◆ **SOURCE MATERIAL**:
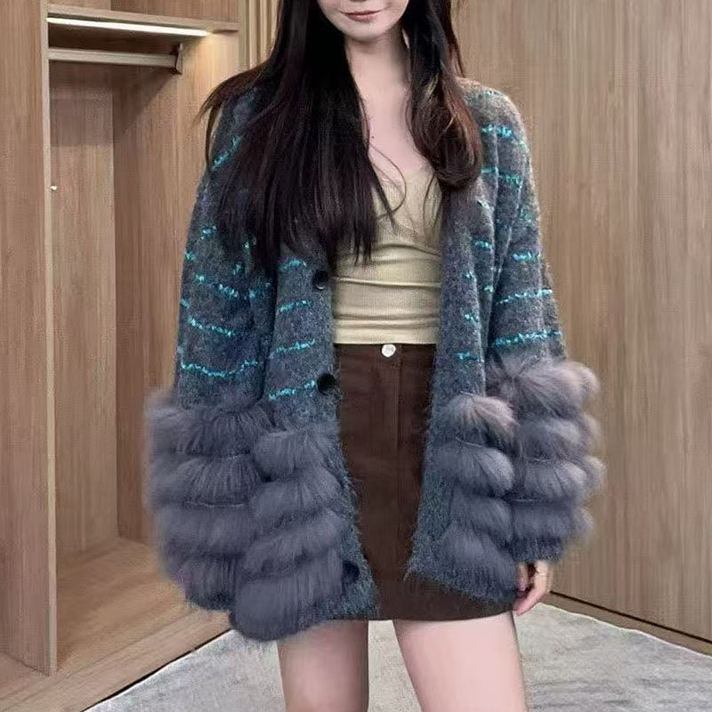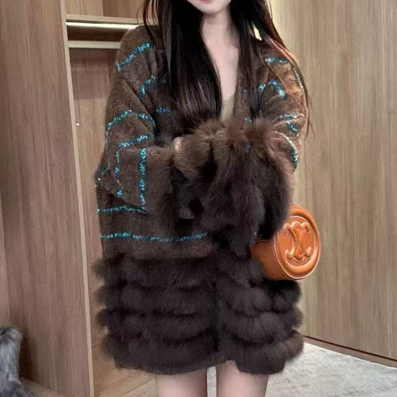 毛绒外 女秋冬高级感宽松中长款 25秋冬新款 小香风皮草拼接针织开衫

--

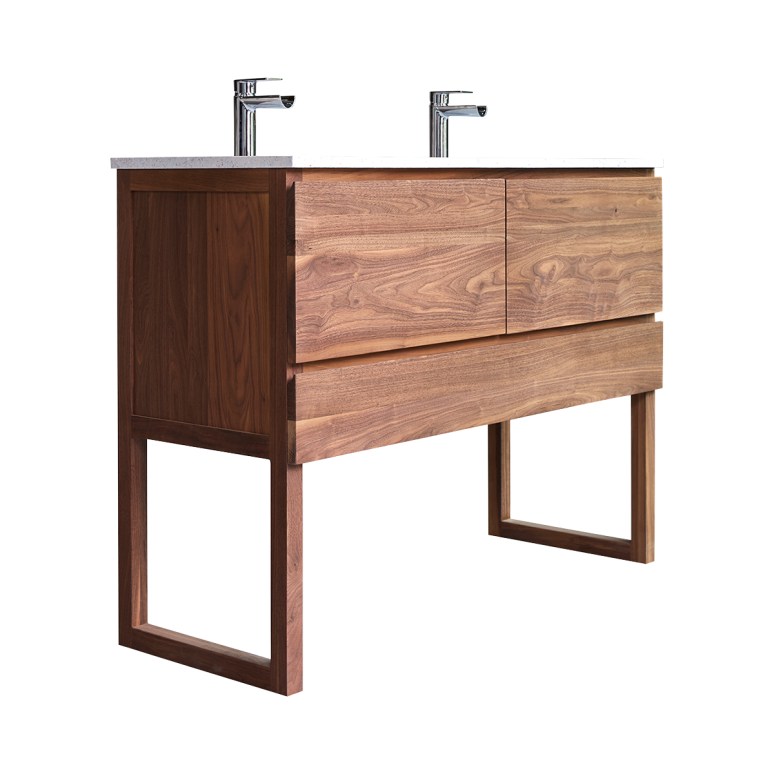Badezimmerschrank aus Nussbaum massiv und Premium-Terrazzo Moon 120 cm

* * *

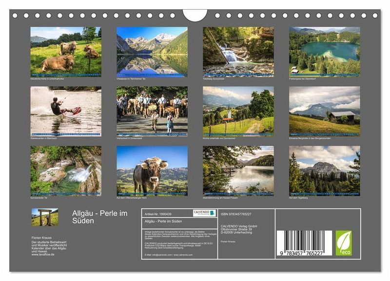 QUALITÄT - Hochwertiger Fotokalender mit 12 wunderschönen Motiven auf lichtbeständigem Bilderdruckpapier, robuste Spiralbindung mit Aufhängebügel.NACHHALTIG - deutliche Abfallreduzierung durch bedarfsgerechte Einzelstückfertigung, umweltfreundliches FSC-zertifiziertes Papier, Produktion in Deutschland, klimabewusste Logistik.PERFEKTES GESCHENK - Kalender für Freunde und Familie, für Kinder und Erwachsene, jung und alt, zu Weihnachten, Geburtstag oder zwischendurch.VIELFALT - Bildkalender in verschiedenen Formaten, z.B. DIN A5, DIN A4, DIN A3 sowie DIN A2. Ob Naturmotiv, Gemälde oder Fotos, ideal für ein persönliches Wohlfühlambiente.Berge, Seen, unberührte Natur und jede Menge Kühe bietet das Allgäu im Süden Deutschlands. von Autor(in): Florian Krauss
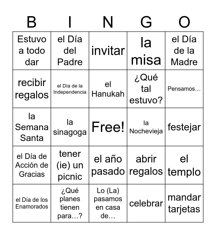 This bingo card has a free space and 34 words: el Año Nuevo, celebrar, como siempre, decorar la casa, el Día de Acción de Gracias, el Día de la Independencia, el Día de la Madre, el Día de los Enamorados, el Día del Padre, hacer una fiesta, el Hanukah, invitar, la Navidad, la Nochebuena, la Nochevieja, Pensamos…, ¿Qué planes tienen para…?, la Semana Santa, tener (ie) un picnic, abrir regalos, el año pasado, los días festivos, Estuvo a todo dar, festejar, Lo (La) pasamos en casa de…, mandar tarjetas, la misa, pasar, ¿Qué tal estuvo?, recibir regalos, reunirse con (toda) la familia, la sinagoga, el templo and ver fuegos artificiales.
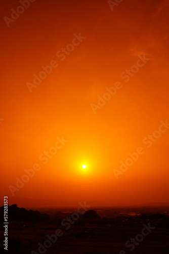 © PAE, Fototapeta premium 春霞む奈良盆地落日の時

◆ **TRY IT**: Give again the lines of the listing above that run from the one with "This bingo card" up to and including the one with "Fototapeta premium 春霞む奈良盆地落日の時". Keep them exact and omit the pictures.

◆ **RESPONSE**:
 This bingo card has a free space and 34 words: el Año Nuevo, celebrar, como siempre, decorar la casa, el Día de Acción de Gracias, el Día de la Independencia, el Día de la Madre, el Día de los Enamorados, el Día del Padre, hacer una fiesta, el Hanukah, invitar, la Navidad, la Nochebuena, la Nochevieja, Pensamos…, ¿Qué planes tienen para…?, la Semana Santa, tener (ie) un picnic, abrir regalos, el año pasado, los días festivos, Estuvo a todo dar, festejar, Lo (La) pasamos en casa de…, mandar tarjetas, la misa, pasar, ¿Qué tal estuvo?, recibir regalos, reunirse con (toda) la familia, la sinagoga, el templo and ver fuegos artificiales.
 © PAE, Fototapeta premium 春霞む奈良盆地落日の時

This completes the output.